The other counterpoint to consider is the market dynamics. Given the immense capital required for investment, the resources in Ukraine may ultimately prove to be more expensive than alternative supplies. Additionally, there is a considerable risk that a mineral currently in demand may lose its significance in the next decade or two.
Market Forces
Regarding the political risk of China dominating the global supply of critical commodities, one of the lessons gleaned from the sanctions imposed on Russia is that resources are fungible—they can be exchanged because they are essentially identical, regardless of their origin. Thus, while Russia has faced significant restrictions on its ability to sell oil and gas to the West, it has redirected its output to India and China, which in turn have reduced their purchases from the Middle East, leading to increased sales from that region to Europe, ultimately replacing Russian supplies. Although Russia may have received slightly lower prices from its new buyers compared to established markets, oil and gas continued to flow, and prices have even dipped below where they were three years ago.

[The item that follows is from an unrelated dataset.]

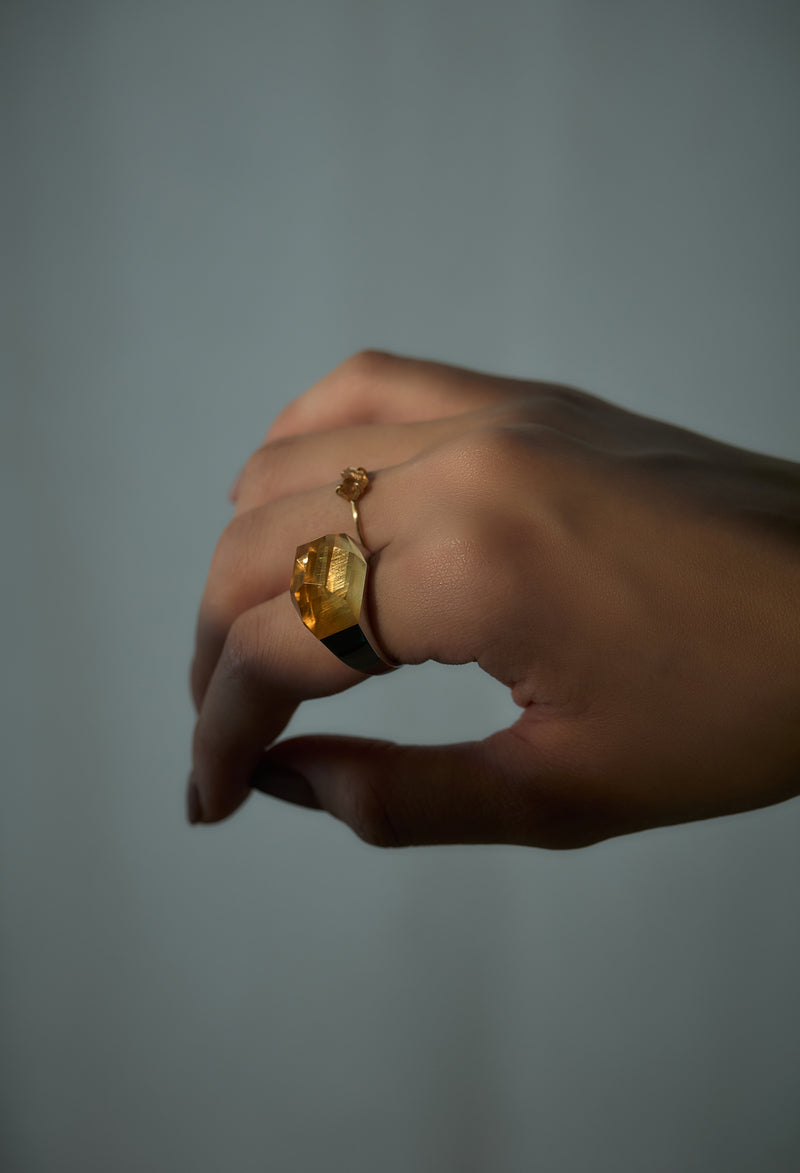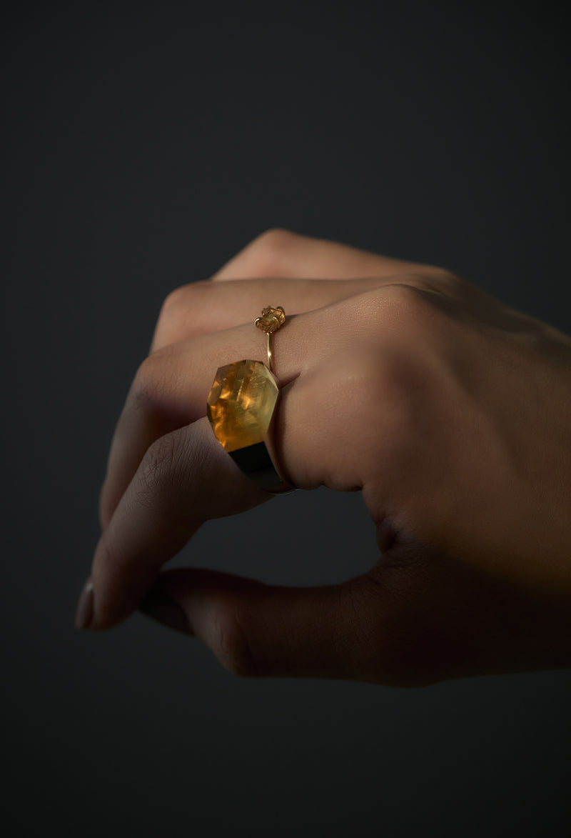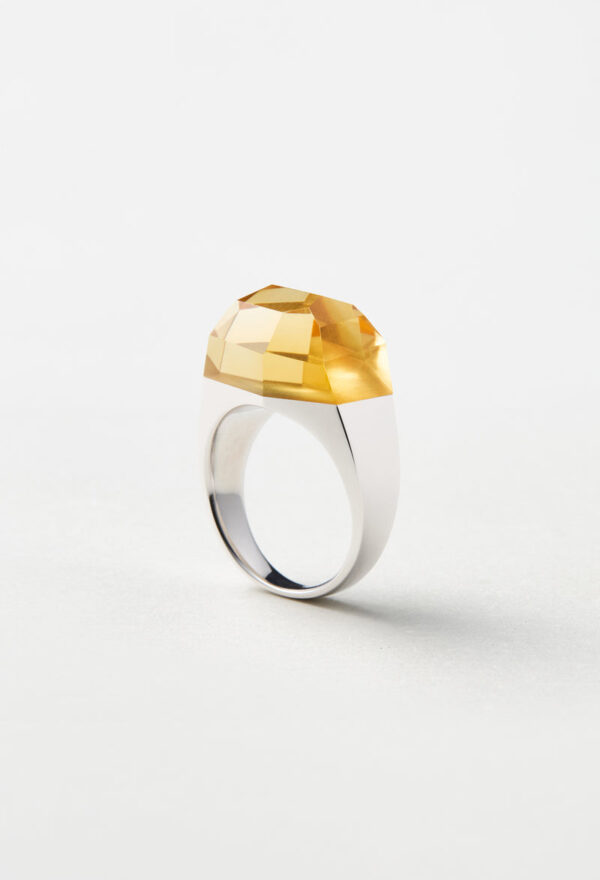 アームを銀色で仕立てると、シトリンのはちみつのような黄色が際立ち、すっきりと爽やかな印象になります。

In The Art of the Deal, Trump emphasizes that a successful deal comes from outsmarting the other party, essentially beating them down. At first glance, it appears he may have accomplished this in the current arrangement. However, the reality could be quite different. A substantial investment from the US will be necessary to make this endeavor feasible, and it turns out that those rare-earth minerals may not be as rare as initially thought.
Need to Know
I have a strong aversion to the notion that successful business practices hinge on undermining the other parties involved. While some companies may achieve temporary success through such tactics, and it is clear that this is how Trump has often operated, I believe that true business success derives from a foundation of mutual benefit. Once any company or individual develops a reputation for overreaching, they will likely see opportunities diminish.
As one might expect, The Art of the Deal has been the subject of extensive academic scrutiny. One insightful analysis comes from George Wu in the Chicago Booth Review. A crucial takeaway from his commentary is that Trump perceives negotiation as a zero-sum game with clear winners and losers. While this can occasionally be the case, such an approach falters when cooperation is necessary.
Wu articulates that the combative tone prevalent in Trump’s negotiation style overlooks a vital aspect of successful negotiation: the importance of relationships and the process of uncovering joint gains. Relationships are integral to negotiations since, in most significant business scenarios, the final agreement merely outlines the potential value of a deal. The real value is realized during the implementation phase, which is contingent upon individuals’ ability to collaborate.
I often observe a stark contrast between sports and business: in sports, a winner and a loser must emerge, whereas, in sustainable business relationships, both parties must benefit. Regrettably, business is frequently depicted in films and television as combative—and often unethically so—undermining trust in the market economy. So why do people continue to engage in business with Donald Trump, despite his well-known approach? The only explanation I can provide comes from a friend who dined with him around thirty years ago. This friend was running an investment company, and Trump sought financing. When I inquired about Trump’s demeanor, my friend replied, “Exactly as he is now.” I then asked, “So did you complete the deal?” to which he responded, “Er, no.”